Европейская пресса тоже не отставала, хотя здесь меня чаще славили, изображали героем и большей частью абсолютно оправдывали. Но и ругали неслабо, в основном за то, что сам не влепил пулю в лоб премьер-министру и проник на бал под чужой фамилией. Изменил, так сказать, своему славному имени.
А еще, почти везде, фоном шла тема о Божьем Суде. Мол, Господь сам наказал виноватого.
Н-да… тут поневоле задумаешься. Вполне может быть.
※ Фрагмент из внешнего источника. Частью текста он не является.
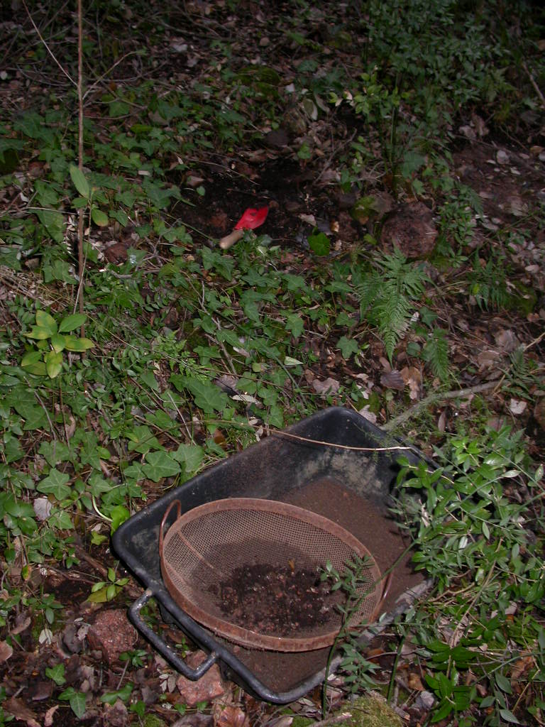 Lo scavo e il setaccio: la terra setacciata si trova dentro una madia di quelle che i muratori usano per impastare il cemento. E' ampia e abbastanza comoda: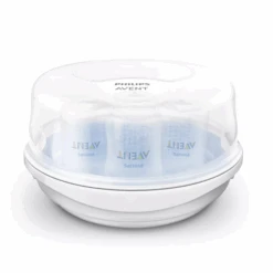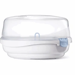 The Philips AVENT Microwave Steam Steriliser (also spelt sterilizer) has a lightweight and compact design, which makes it ideal for sterilizing feeding bottles in and out of the home. Contents remain sterile for up to 24 hours if the lid is unopened.

Команданте Господь, в моем случае, уже доказал свое существование.
Но не суть, итогами я оказался доволен, вот честно, все сложилось для нас — лучше не бывает, хотя загадка взорвавшегося пистолета все-таки долго не давала мне покоя.
Несмотря на отсутствие прямых доказательств, я уже почти не сомневался в виновности Черчилля, не хватало всего лишь ясного мотива, потому что на такой серьезный шаг без умысла не идут, особенно люди, подобные Уинстону.
Впрочем, когда я вернулся домой, все стало на свои места.
Но об этом чуть позже.
Арцыбашев остался в Швейцарии, ему предстояла дорога в Россию за новым назначением, ну а мы с Клео перешли нелегально границу с Францией, на первый взгляд никак не охраняемую, после чего, абсолютно не скрываясь, сели на поезд в Париж, правда, в очередной раз сменив личность. В столице сделали пересадку и отправились в Марсель, где у меня состоялась одна очень важная встреча.
Но обо всем по порядку.
Марсель мне понравился, он чем-то неуловимо был похож на Дурбан. Тот же соленый морской воздух, гудки пароходов, несусветная толчея в порту и вездесущий запах рыбы. К счастью, никакого внимания французские спецслужбы к нам не проявили, мы остановились в частном пансионе в пригороде, прямо на берегу моря, и устроили себе небольшой отдых. Никакого официоза, мы с удовольствием скинули маску респектабельных граждан и полностью растворились среди разномастной богемы, толпами шатающейся в квартале Ла Панье.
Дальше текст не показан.